This year could be a tough test for the European Union (EU). Not only does it have Brexit looming over the horizon and a stubborn unemployment, but it also faces yet more potentially destabilising elections.
Much has been written on the Italian parliamentary vote in March for its potential consequences for the Euro, but the EU’s next problem is a bit more pressing.
The Czech Republic goes to the polls this Friday and Saturday to elect its President, and the front-runner is incumbent Milos Zemen. There won’t be a winner this weekend because it’s highly unlikely that any candidate, even the popular Zemen, who was Prime Minister from 1998 to 2002, will get more than 50% of the vote in this round.
There’ll be a run-off in 2 weeks where Zemen could win a 2nd term. He’s currently polling at about 47.5%. It’s important for many reasons. Czech Republic is part of the Visegrad Group (V4), made up of 4 Eastern European countries that also includes Poland, Hungary, and Slovakia.
The V4 have opposed the EU on fundamental issues, most notably the refugee crisis where they have refused to accept relocation quotas. The matter is so severe the EU has begun legal action against the bloc.
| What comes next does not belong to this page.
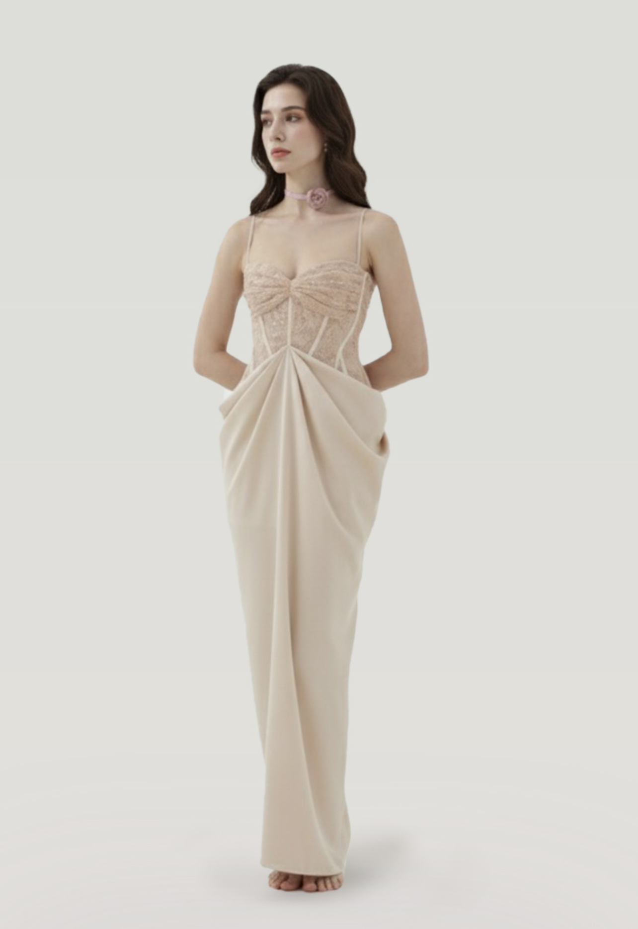 Crow Crew Embroidered Mesh Satin Dress - Nude Pink
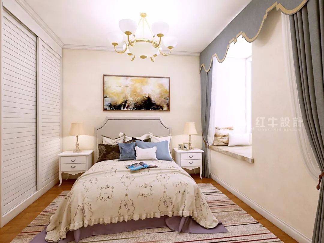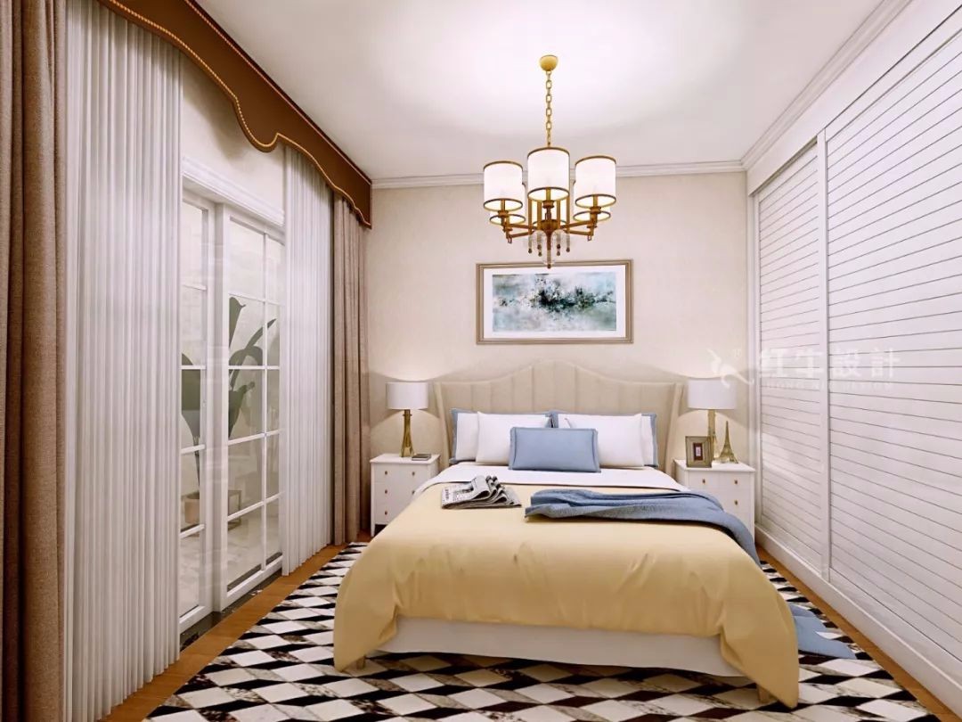次臥的色彩典雅溫暖,略帶歐式風格的床頭柜,搭配精美的床頭掛畫,讓人產生愉悅的視覺感受。

Zemen is one of many voices that reject the EU’s policy, citing fears of terrorist attacks if the Czech Republic accepts it. His rhetoric sticks out even when compared to other V4 leaders, such as Hungary’s Viktor Orban and Poland’s Beata Szydlo, drawing comparisons with Donald Trump.
The similarities with the US President, some might say, don’t end there. Zemen opposes the EU’s stance on Russia; he wants to cut back on sanctions against the Kremlin and improve relations. Perhaps the most remarkable thing is that as Prime Minister he was a vehement supporter of European integration. He justifies his changing position by claiming EU membership hasn’t lived up to what most Czechs expected.
His apparent enthusiasm for a shift eastward is consistent with the rest of the V4 which has tried to push the EU towards greater cooperation with Russia and Central Asia, including recognising Moscow’s authority in Crimea.
All this makes Brussels and elsewhere nervous that Russia is influencing the Czech elections through online disinformation. Moscow has already been accused of the same meddling elsewhere, most infamously the 2016 US Presidential Election and the UK’s EU referendum.
The Czech President has little legislative power but the office is highly respected and influential. Should Zemen win as expected it wouldn’t be so much a new populist wave but a hardening of anti-establishment sentiment in the V4. The Czech Prime Minister, Andrej Babis, holds many of the same views as Zemen.
Babis was elected last October and is already facing a vote of no confidence over fraud allegations. He could well lose the vote but stay in office because the right to dismiss the government lies with the President. Zemen has already hinted he will let Babis remain as Prime Minister.
As things stand, there aren’t many calls for the Czech Republic to leave the EU, but if Zemen wins, it’s going to be an opponent of many of its critical policies for some time, even the integration process itself. With even bigger elections coming this year, the EU could suffer in the long run.